Whether to use DRAM or Flash will be a function of degree of data volume and problem complexity. No longer will inclusion of storage tiers be simply a hardware platform design decision; it will also become a configuration decision for application designers as well.

The Odd Couple: Hadoop and Data Security

Until now, security wasn’t a term that would normally be associated with Hadoop. Hadoop was originally conceived for a trusted environment, where the user base was confined to a small elite set of advanced programmers or statisticians and the data was largely weblogs. But as Hadoop crosses over to the enterprise, the concern is that many enterprises will want to store pretty sensitive data.

So what stood for Hadoop security up till now was using Kerberos to authenticate users for firing up remote clusters if the local ones were already used; accessing specific MapReduce tasks; applying coarse-grained access control to HDFS files or directories; or providing authorization to run Hive metadata tasks.

Security is a headache for even the most established enterprise systems. But getting beyond concern about Trojan Horses and other incursions, there is a laundry list of capabilities that are expected with any enterprise data store. There are the “three As” of Authorization, Access, and Authentication; there is the concern over the sanctity of the data; and there may be requirements for restricting access based on workload type and capacity utilization concerns. Clearly there are many missing pieces for Hadoop waiting to fall into place.

For starters, Hadoop is not a monolithic system, but a collection of modules that correspond to open source projects or vendor proprietary extensions. Until now the only single mechanism has been Kerberos tokens for authenticating users to different Hadoop components, but only standalone mechanisms for admitting named users (e.g. to Hive metadata stores). You could restrict user access at file system or directory level, but for the most part such measures are only useful for preventing accidental erasures. And when it comes to monitoring the system (e.g., JobTracker, TaskTracker), you can do so from insecure web clients.

There are more missing pieces concerning data, as nothing was built into the Apache project. There was no standard way for encrypting data, and neither was there any way for regulating who can have what kinds of privileges with which sets of data. Obviously, that matters when you transition from low level weblog data to handling names, account numbers, account balances or other personal data. And by the way, even low level machine data such as weblogs or from other devices that detect location grow sensitive when associated with people’s identities.

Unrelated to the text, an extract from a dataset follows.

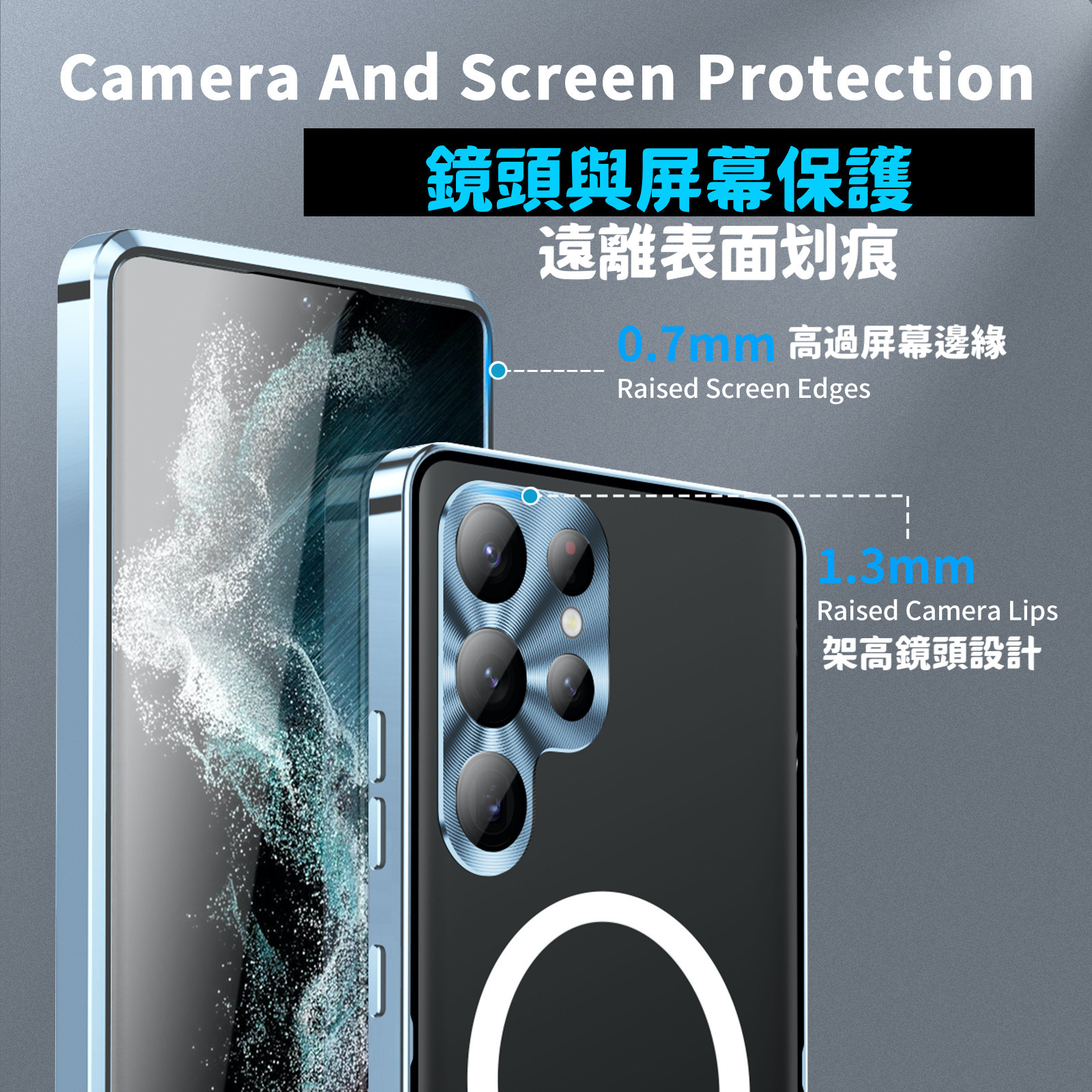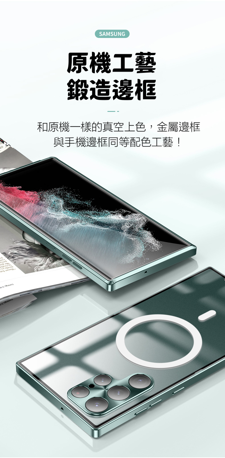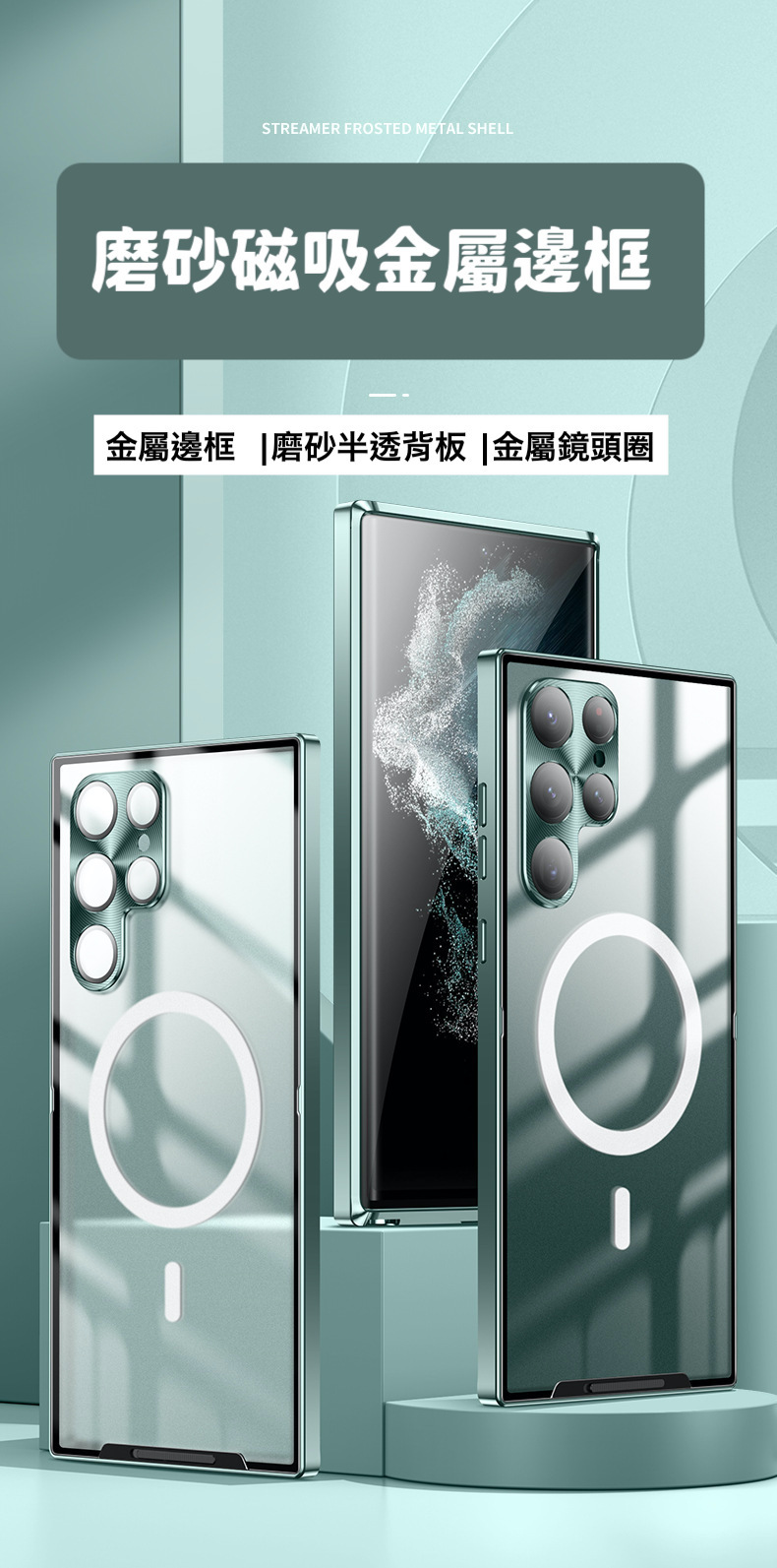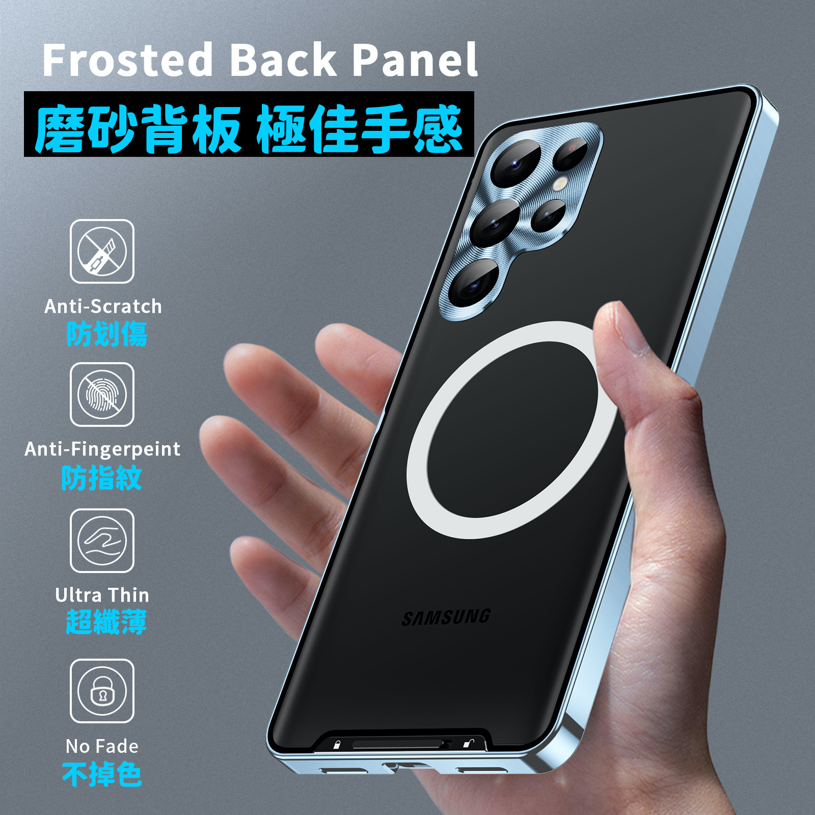 鋼盾 三星S25系列S24系列S23系列S22系列S21/note20ultra【金屬邊框磨砂殼】4K鏡頭全包+鋁合金邊框+磨砂防髒背板 配置magsafe磁吸圈 S22ultra/S22/S22+/S21/S21ultra/S21+

There’s a mix of activity on the open source and vendor proprietary sides for addressing the void. There are some projects at incubation stage within Apache, or awaiting Apache approval, for providing LDAP/Active Directory linked gateways (Knox), data lifecycle policies (Falcon), and APIs for processor-based encryption (Rhino). There’s also an NSA-related project for adding fine-grained data security (Accumulo) based on Google BigTable constructs. And Hive Server 2 will add the LDAP/AD integration that’s current missing.

For the near term, not surprisingly, vendors are working to fill the void. Besides employing file system or directory-level permissions, you could physically isolate specific clusters, then superimpose perimeter security. Or you could use virtualization to similar effect, although that was not what it was engineered for. Zettaset Secure Data Warehouse includes role-based access control to augment Kerberos authentication, and applies a form of virtualization with its proprietary file system swap-out for HDFS; VMware’s Project Serengeti is intended to open source the API to virtualization.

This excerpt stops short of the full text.